Lobbyists represented a range of individual constituencies, including women in business and the professions (National Association of Women and Law [NAWL] and the Canadian Federation of Business and Professional Women) and First Nations women (the Native Women’s Association and Indian Rights for Indian Women) as well as those tackling questions of education and training (Canadian Congress for Learning Opportunities for Women) and religion and social welfare (the Catholic Women’s League and Young Women’s Christian Association). Despite differences, groups nevertheless shared important demands and concerns.

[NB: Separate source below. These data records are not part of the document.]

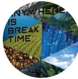
Anywhere is break time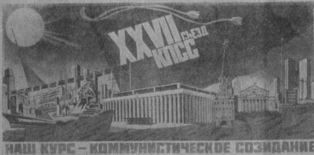
Плакат художника В. Викторова.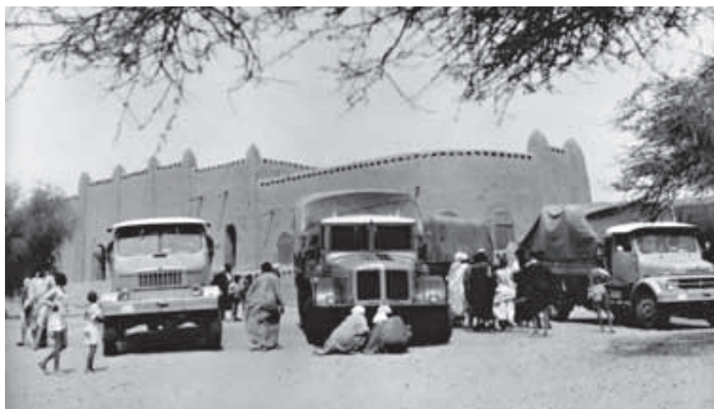
Československé nákladné autá v Mali – Bamako. Hospodárska pomoc krajine subsaharskej Afriky, 14.3.1961.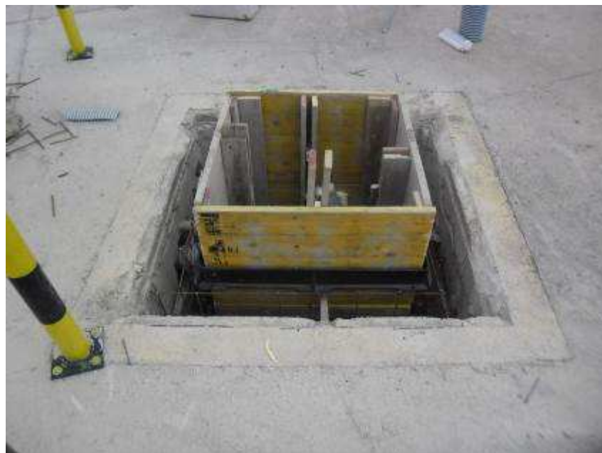
Foto 2 – Interventi per la Risoluzione della NC250 – Sostituzione chiusini Terminal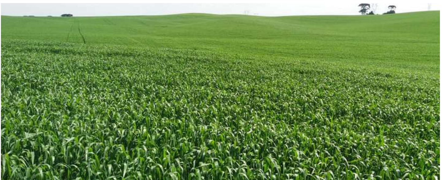
Trigo em D.V em Araucária, por Edson Kupka

Os produtores já estão trabalhando no preparo do solo para o plantio da safra de verão. Nesta safra poucos produtores estão optando pela cultura do milho, exceto aqueles que cultivam o produto para silagem e os produtores tradicionais de subsistência. A redução na área plantada deverá ser compensada pelo aumento no cultivo de soja.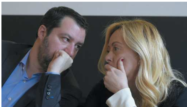
Matteo Salvini e Giorgia Meloni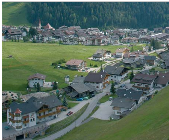
La strada Larciunëi - Val

Il parcheggio pubblico al Passo Gardena è stato modificato nel piano urbanistico comunale nel senso che la sua realizzazione e la sua gestione può essere affidata anche ai privati proprietari.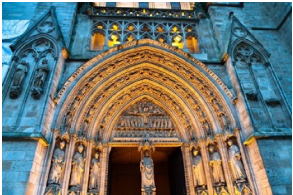
Catedral de San Andrés Burdeos Uno de los proyectos Nártex 2015

Many submissions condemned the Charter’s focus on negative rights. NAWL criticized the proposed title of Section 15–‘non-discrimination rights’ –for its reference only to what should be avoided (inequality) rather than that which should be actively sought (equality) (NAWL, 1980). The original phrasing “equal before the law” was deemed to imply the equal application of the law without requiring the positive approach of “equality under the law”, which necessitates equality within legislation and policy (NAC, 1980; Voice of Women, 1980; Women for Political Action, 1980; Women’s Habitat, 1980; NAWL, 1980; Canadian Federation of Business and Professional women, 1980). Groups also demanded that the benefit and protection of the law apply equally to both men and women. Such appeals for a more proactive approach were largely affective. Still more significantly, the interveners demanded the inclusion of subsection 2 of section 15 to ensure the constitutionality of affirmative action. Some groups sought to replace ‘everyone’ with ‘every person’ throughout the Charter to guarantee the equal application to both men and women (because ‘person’ had been so defined in the 1929 Persons case). While this demand was denied, s. 28 was added to the Charter, explicitly stating that all rights apply equally to men and women, albeit ‘notwithstanding anything in this Charter’.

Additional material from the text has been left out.